Когда он стоял в узкой комнате, курил и ждал Ивана, он пытался вспомнить его лицо, то оно появлялось, то дробилось и исчезало. Малин знал Ивана вот уже несколько лет, а видел его, по сути дела, только на суде.

— Видно, лоск наводит после работы сынок ваш, сказал охранник. — Все ж таки не хочется перед своими черт-те кем показываться.

Через минуту Ивана привели.

Он тоже в первое мгновение не узнал Малина. Лицо его выразило отчужденное непонимание, словно ошибка произошла, но тут же он понял, узнал, подался вперед к Малину, улыбнулся во все лицо, изумленно.

— Не ожидал, Иван? — дрогнувшим от волнения голосом сказал Малин. — А я вот нагрянул, поглядеть хочу, как ты тут живешь.
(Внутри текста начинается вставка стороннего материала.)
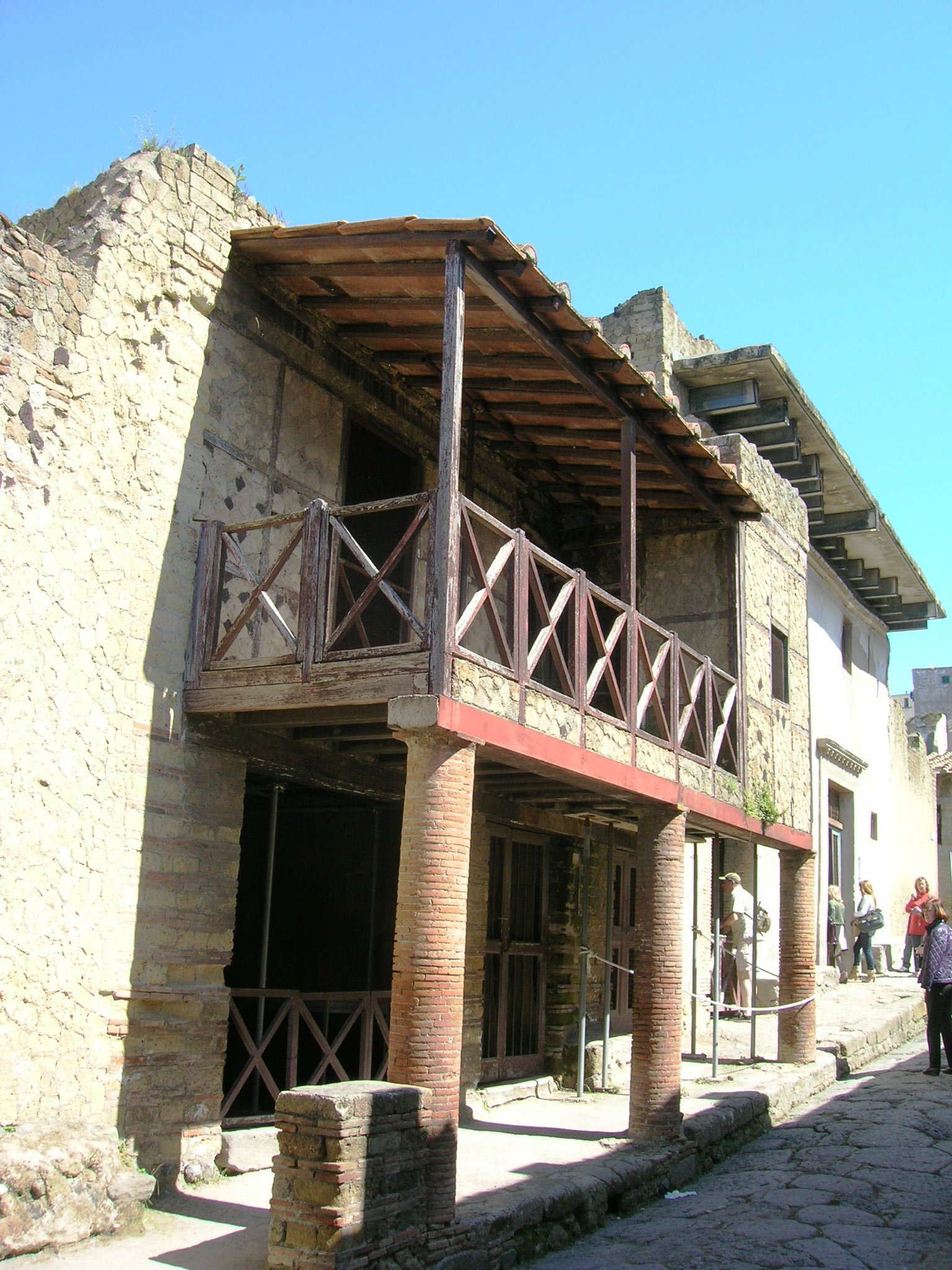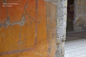 La Casa del Colonnato Tuscanico: il nucleo dell’abitazione, incentrato sull’atrio pavimentato in cocciopesto (un tritume di terracotta, calce e sabbia, resistente all’umidità), fu ristrutturato in età augustea (27 a.C. – 14 d.C.); l’impluvium (il bacino in cui confluiva l’acqua al centro delle case) fu rivestito di marmi e trasformato in fontana; le pareti furono decorate in “terzo stile”, una particolare decorazione pittorica risalente agli anni tra il 20 a.C. e il 50 d.C. Il peristilio, ossia il colonnato tuscanico, fu aggiunto inglobando una casa attigua e gli ambienti che si sviluppavano intorno ad esso furono decorati con affreschi e mosaici risalenti agli anni immediatamente precedenti all’eruzione del 79 d.C. Dal piano superiore, invece, provengono un tesoretto di monete del valore di 1400 sesterzi e un sigillo di bronzo.

Сидели долго, никто их не ограничивал во времени.

О чем они говорили?

Ну, сначала о работе, как там у Малина, как здесь у Ивана. Потом о родных. Пишет ли Ивану мать, и как себя чувствует жена Малина, и как учится его сын.

Потом о местных порядках и о том, есть ли возможность выйти на поселение. Затем разговор пошел, как говорится, нестройно…

Тут Иван сказал Малину:

— Я ведь думал сначала, что вы меня ловите… Со мной многие поначалу хорошо разговаривали: мол, на каком ты фронте воевал, а я, дескать, рядом был, значит, мы однополчане… А потом как начнет раскалывать, прижимать, чтобы я на себя взял то, чего не было… Всю жизнь меня, как волка, флажковали, потому и кидался на людей. Сейчас только бы досидеть! Эх, надо было б лет семь назад выдираться, тогда бы я еще кое-что успел!..

— Брось, Иван… Не гневи бога, ты молодой мужик, чего тебе назад глядеть? Выйдешь скоро, осмотришься. Десятилетку постарайся дожать, будешь человек со средним образованием… Устроишься, а там, гляди, и женишься, семью заведешь.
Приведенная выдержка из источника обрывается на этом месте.